I’m sorry but how am I supposed to live this down? He said I was the worst friend he ever had. EVER. HAD.
Most of the bad things I’ve done weren’t intentional, and I had really hoped things I’d heard about him being sweet on me were real. Even if I find myself a monstrosity. I wanted them to be my family and in a sense they were. I need to sleep.
My best friend told me if she died life sucks anyway. I tried to tell her things will get better, but I don’t even believe it anymore. Life is bleak and you die alone.
The good news is my friend needs me to a degree, because she was really upset when I didn’t see a text when she needed moral support. The bad news is everyone I loved in this online friend group I had hates each other and I saw those people as my family. I feel completely alone.
It was 10 years ago today that my mother died. I only had one purpose in life and that was being her daughter. That morning I lost the only person who actually needed me. From that day on, I switched to survival mode. Ten years without a family and the knowledge that I only exist to take up space. It is what it is.
Everyone leaves or dies, or both. This year, the cousin who let me know I was disowned after Mom’s death, died. He lived to be almost 80. Did his conscience ever get to him? I’ll never know because I’m too much of a coward to contact his sister. I don’t want to be rejected again.
Also, this year, the last person who loved me unconditionally, died. Died in an accident with a drunk driver. I feel so guilty.
I can’t believe I’ve made it 10 years and am relatively independent. My life may have little meaning, but I’m still alive. I keep expecting worse things to happen, but I’ve always felt I was on the precipice of fate. One step forward and I could plummet.
Will I catch covid and die in a similar way to my mother? Will I step in front of a bus or will I just collapse one backday? Would anyone notice or care?
My friend is mad again because I didn’t notice a text. I sometimes wonder if she would miss me if I died or if she’d just find someone else. One thing I’ve learned is never to expect the same amount of compassion you give, and in one way or another, everyone leaves in the end.
The holy rollers at my primary school used to say that God strikes down useless people ( more or less) and that God only gives a few chances. It must not be true because I’m still breathing, useless or not. My mediocrity and lack of intelligence or beauty notwithstanding.

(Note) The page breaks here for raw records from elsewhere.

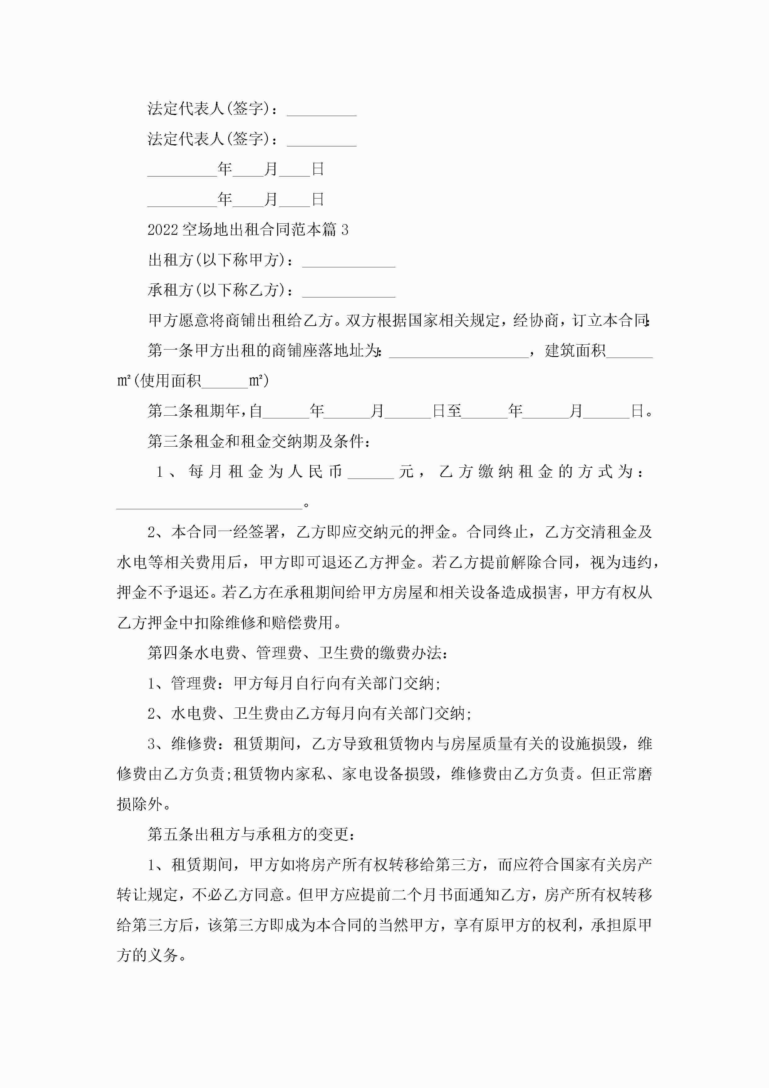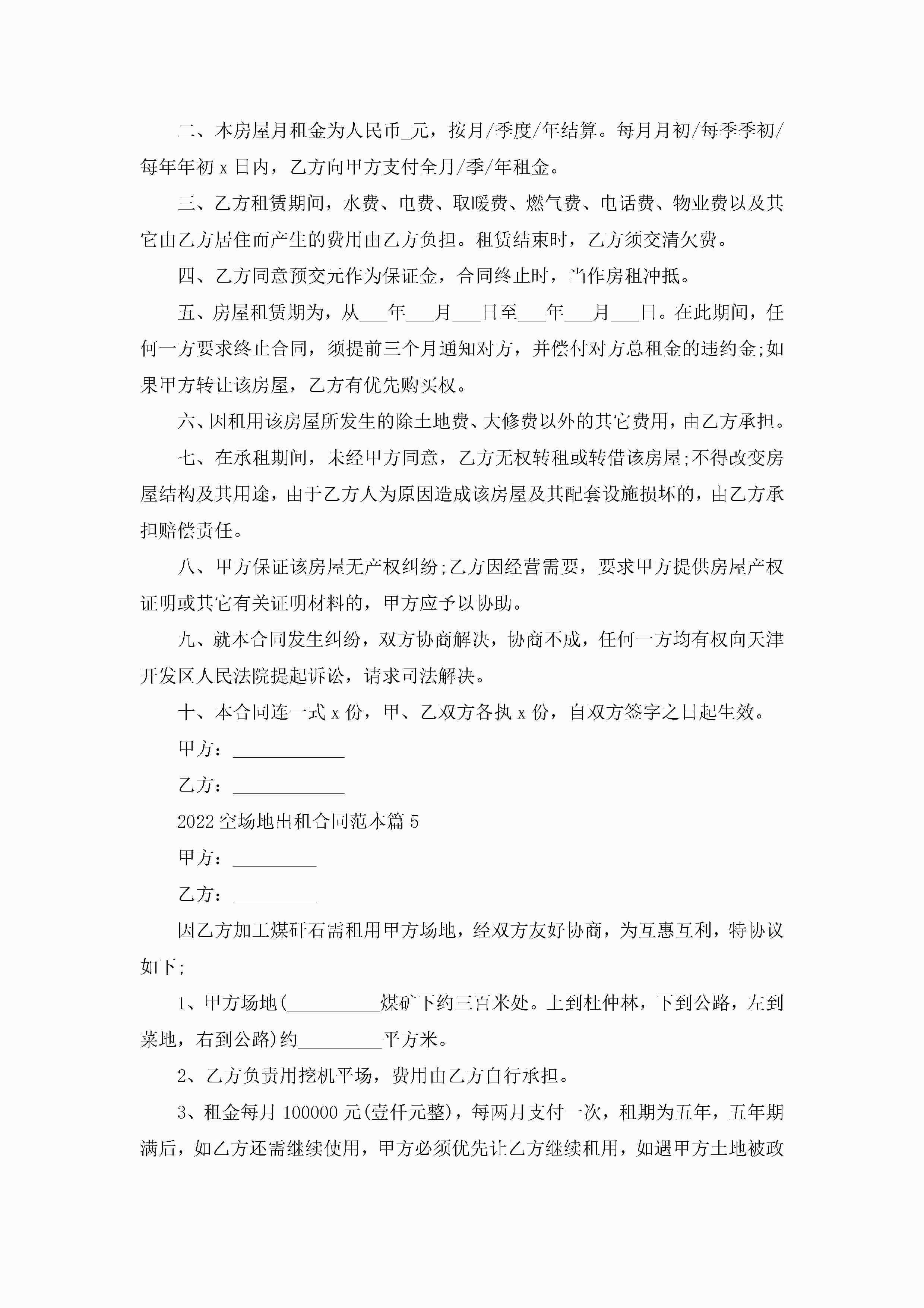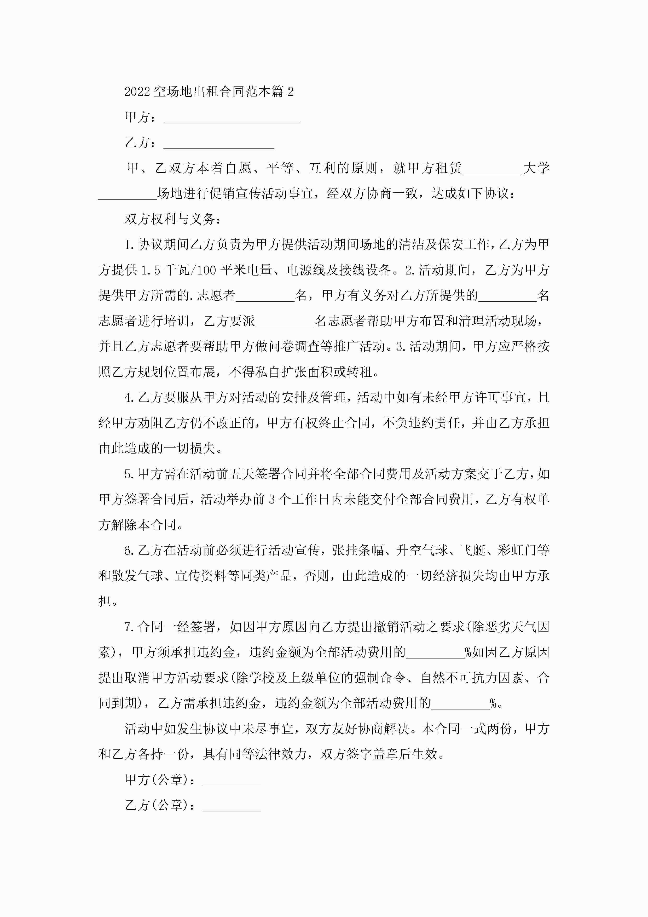 2022空场地出租合同范本(5篇)jugei3月23日 01:42发布关注345 2022空场地出租合同范本(5篇)此内容为付费资源,请付费后查看¥10.9 单篇文档限时特惠¥15个人会员开通企业会员开通立即下载无需登陆!可直接快捷下载单个模板付费资源© 版权声明THE ENDWord模板# 实用文档# 实用模板# 合同模板# 租赁合同 如有问题,可点击最底部“联系我们”联系客服 分享QQ空间微博QQ好友海报分享复制链接收藏
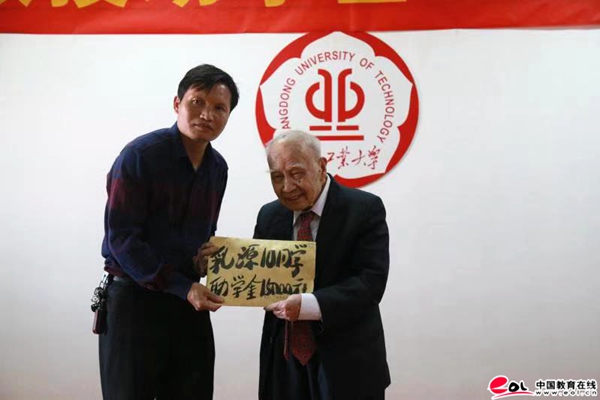 中国教育在线讯 今年是安博app最新版下载建校60周年。在校庆日即将到来之际,10月30日下午,“黎鑫教授助学基金”助学仪式在学校东风路校区举行。96岁老寿星黎鑫教授持续十二载用自己省吃俭用累积的退休金捐资助学,感动校园。校党委常委、副校长、教育发展基金会理事长陈为民,校关工委主任、原学校党委书记陈年强,乳源民族实验学校副校长赵天金出席助学仪式并对黎鑫教授的大爱善行给予高度评价。
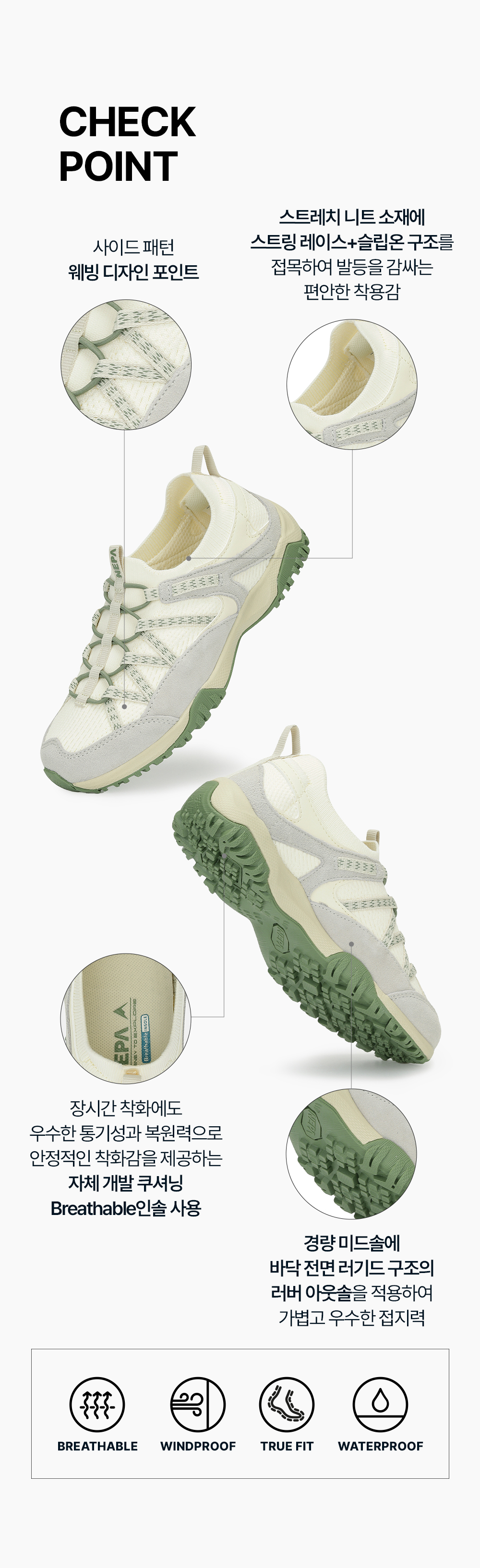 - 머드가드 패턴 디자인으로 일상 및 가벼운 둘레길 산책 시 안정적인 착화감
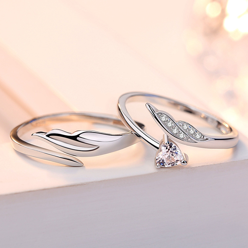 Silver Angel Feather Wings Ring Men Women Adjustable Opening Couple Rings Korean Jewelry Cupid Feather Feather
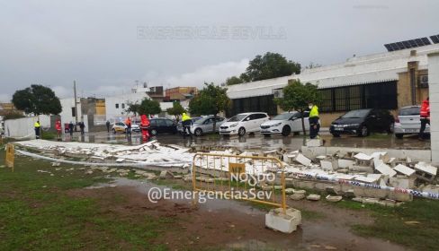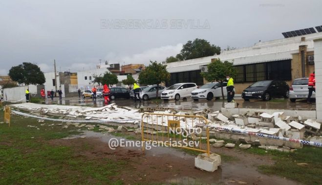 El temporal de lluvia que este miércoles castiga a la provincia de Sevilla ha provocado la caída de un muro exterior de un colegio en la calle Santiponce, en el barrio hispalense Torreblanca, aunque sin daños personales algunos. Cuando se produjo la caída, no había niños ni transeúntes en la zona.
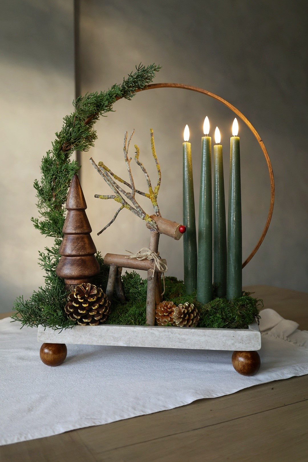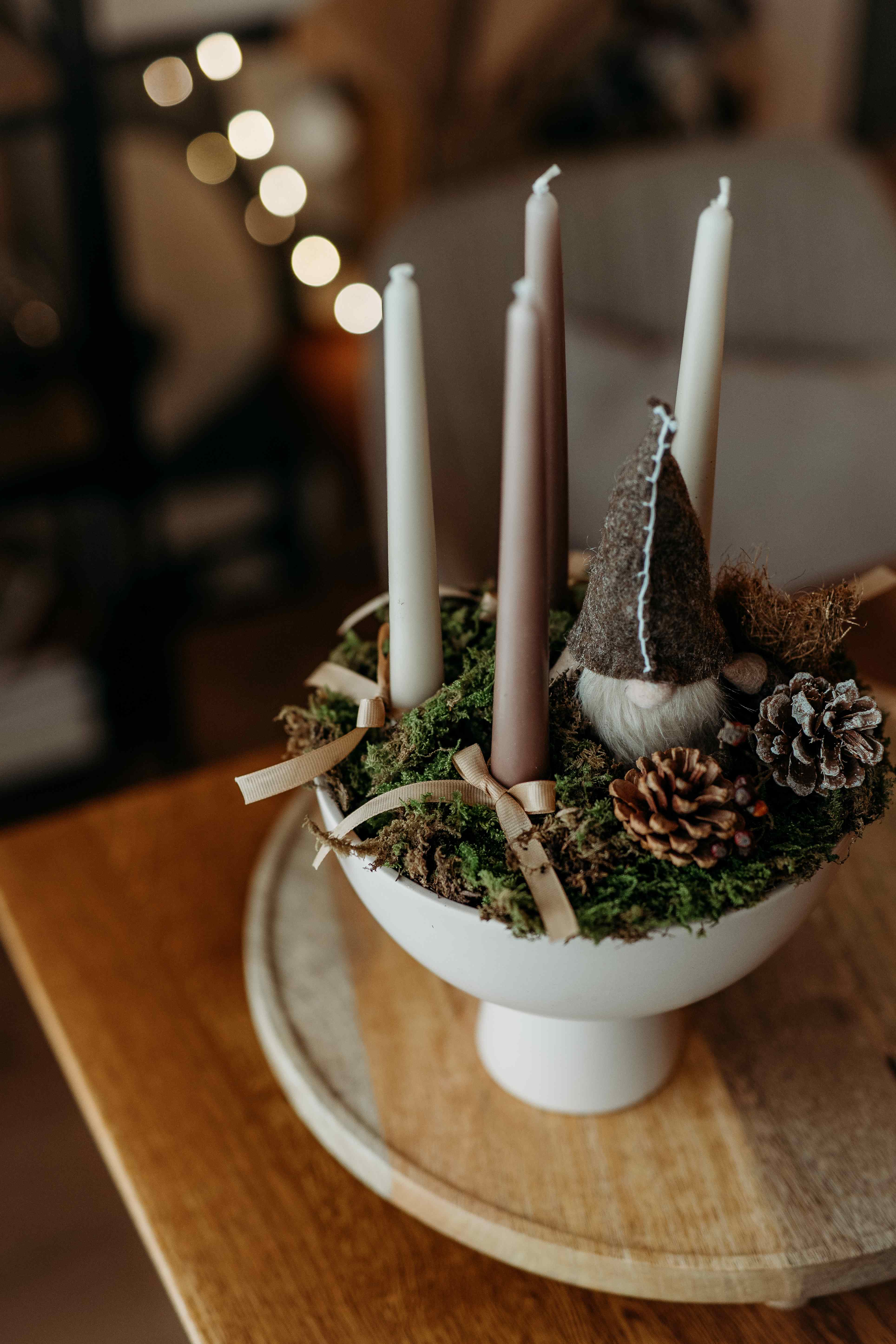 - Postavite bazu – kao temelj dekoracije odaberite okrugli ili pravokutni ukrasni pladanj i svijeće.
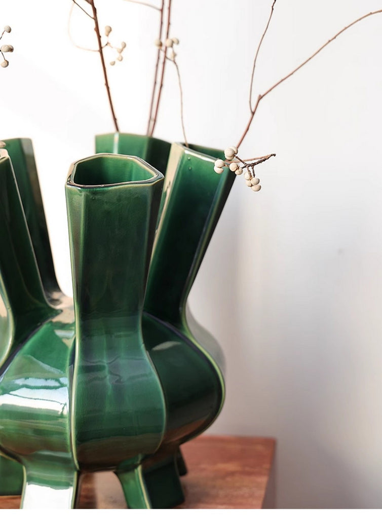 Centerpiece Ceramic Bouquet Vases, Contemporary Vases on Dining Table, Green Porcelain Vases for Modern Home Decor, Unique Handmade Modern Flower Vase
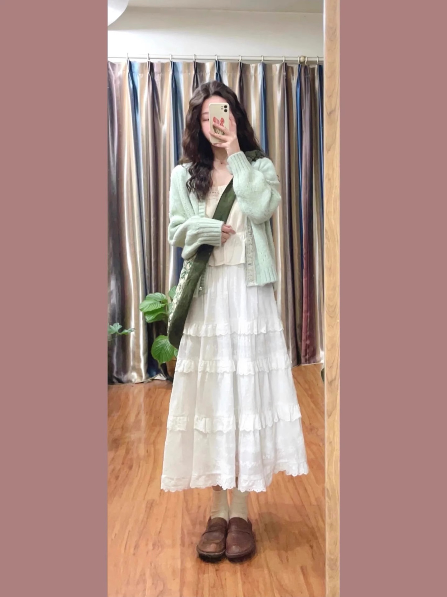 그린 레이스 디자인 센스 니트 스웨터 카디건 여성의 2025 년 새로운 봄과 가을 예술적 레트로 게으른 코트 탑
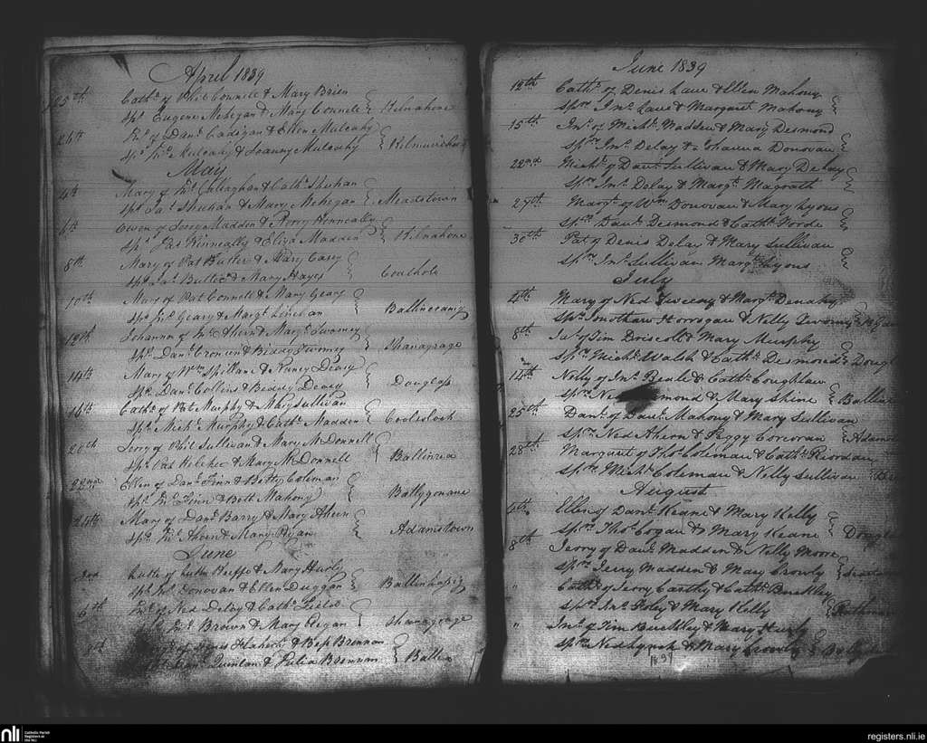 Douglas; County of Cork; Diocese of Cork and Ross. Baptisms, Apr. 1839 to Aug. 1839

I took a nap and woke up disoriented. I asked myself where my mother was, where my friend was. I returned to reality. You’re safe. It’s ten years later.
My mother is dead. It’s not ten years ago. You’re not helpless and desperate anymore. Everyone’s dead or living far away.
I’m starting to wonder if the bites, rash, whatever is covid, kidney failure, fungal infection, cancer, MRSA, or staph. I doubt it’s cancer, MRSA or staph, but who knows. Isn’t MRSA more of a hospital disease? I think it might be fungal or an allergic reaction. Benadryl helps, but so does lotramin.
Everything is going straight to hell anyway. I feel like I’m about to be taken in front of a firing squad, shot, and no one will bury my carrion eaten body. I can’t stop the feeling of impending doom and being completely abandoned. Everything and everyone will die or go away. It’s inevitable. One moment everything is OK and then some Saudis knock your tower down, or a disease creeps up on you, or you say or do something unforgivable. But that’s just me. How are you?